Giving names and title to something is hard so whatever. I’m going to write what flows from my stream of consciousness.

Its like a typical addict’s promise of the last hit, its usually not going to happen. Yesterday I didn’t write anything here. I did wrote something in my physical journal which I got to do everyday.

Since its almost impossible to entirely avoid checking social media updates, at least I didn’t stare at it for hours. The problem with social media is the gaming side of it which force you to see the current scores — represented by number of shares, retweets, replies, comments and likes. Especially Twitter Analytics which really draws my inner geekiness for statistics.
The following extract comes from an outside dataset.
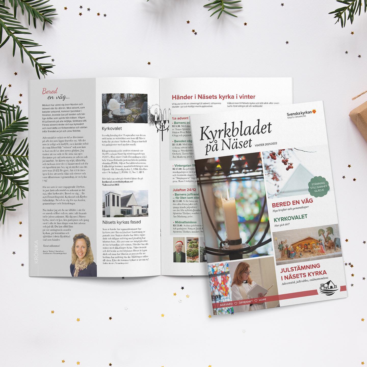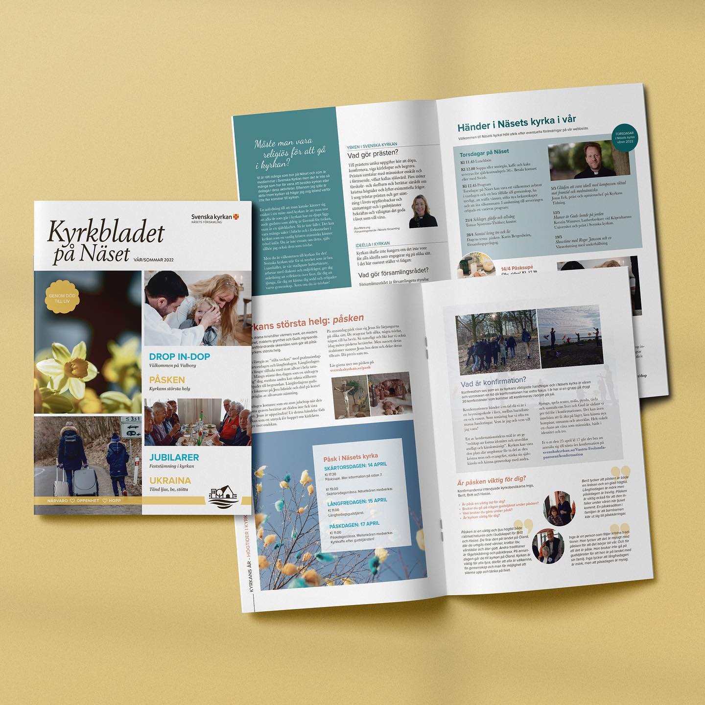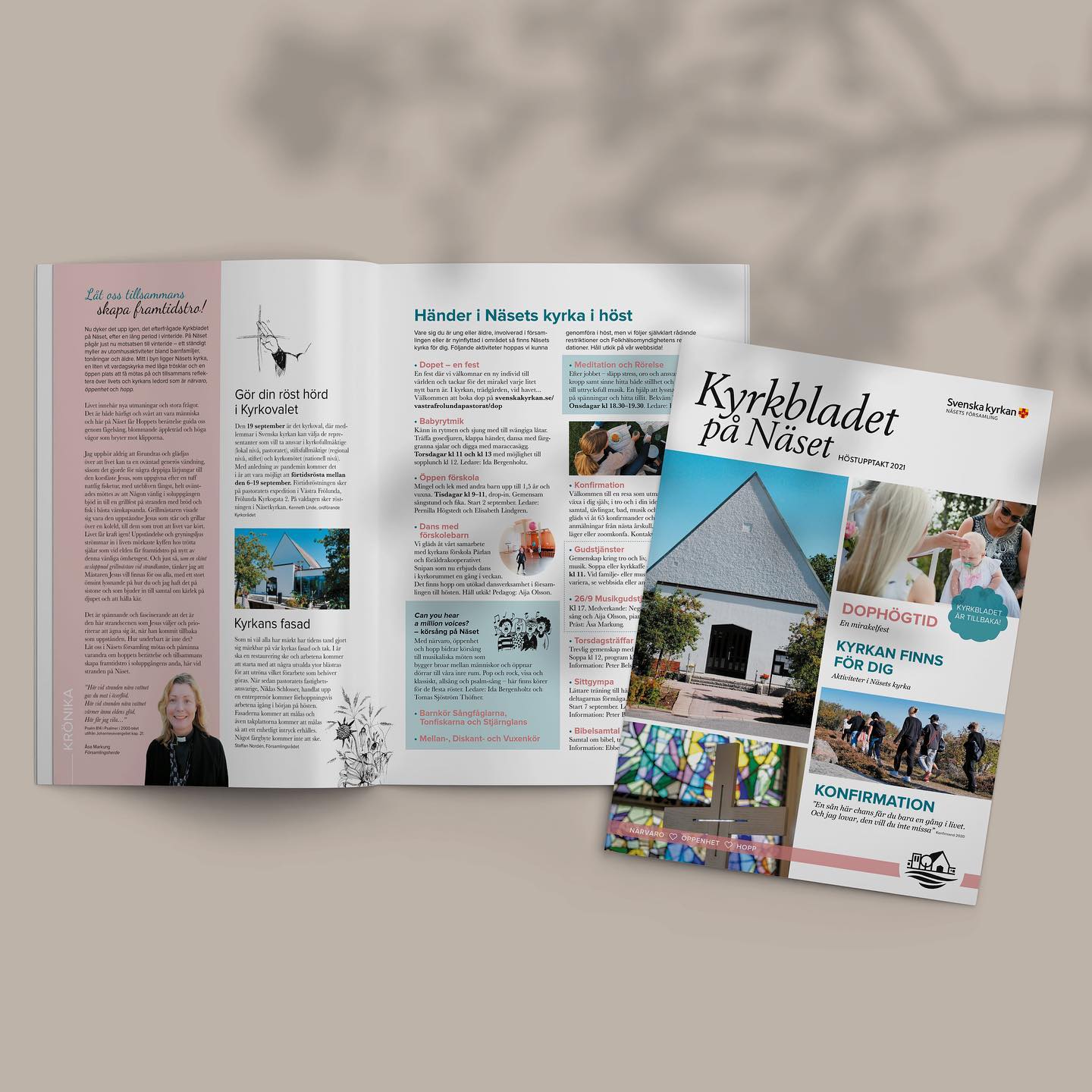 Kyrkbladet på Näset ges ut tre gånger per år och innehåller händelser och aktiviteter som sker i Näsets församling.

Talking about social media, there’s a social media which pays you using cryptocurrency. It can be exchanged to your local currency, but I’m not in the mood to talk about it now.

Talking about mood, the mood swings I had sometimes seems manageable because my constant journal-ing showed me a pattern. I’m a morning person, but after few hours of waking stress level seems to go up and my brain go haywire. That haywire part can put me into some sort of memory loop, false perception, alienation from reality, which is paralysing.

I’m cool I guess because with medication and understanding, those condition currently only last for few minutes to an hour. I can just put my head under the pillow and wait for the pain to go away.

While writing this I realised it doesn’t entirely go away, the residue is still there. The difference is that I can at least share some tips to overcome schizophrenia. This is not a silver bullet for everyone, but recognising the trigger and time does help a lot.

I’m not depressed, but there is pain, sadness and anger there while the thing happened to me. Its an agonising delusion which paralyse. That is the easiest way to describe it.

Invisible prison
Walled by fear
Tortured by tears
Suffer without reason
Punishment worse than treason
Non-existence seems a better option.

Just work on stuff everyday for what matters most. Never stop or quit. Let it snowball and turn to some large glacier or whatever.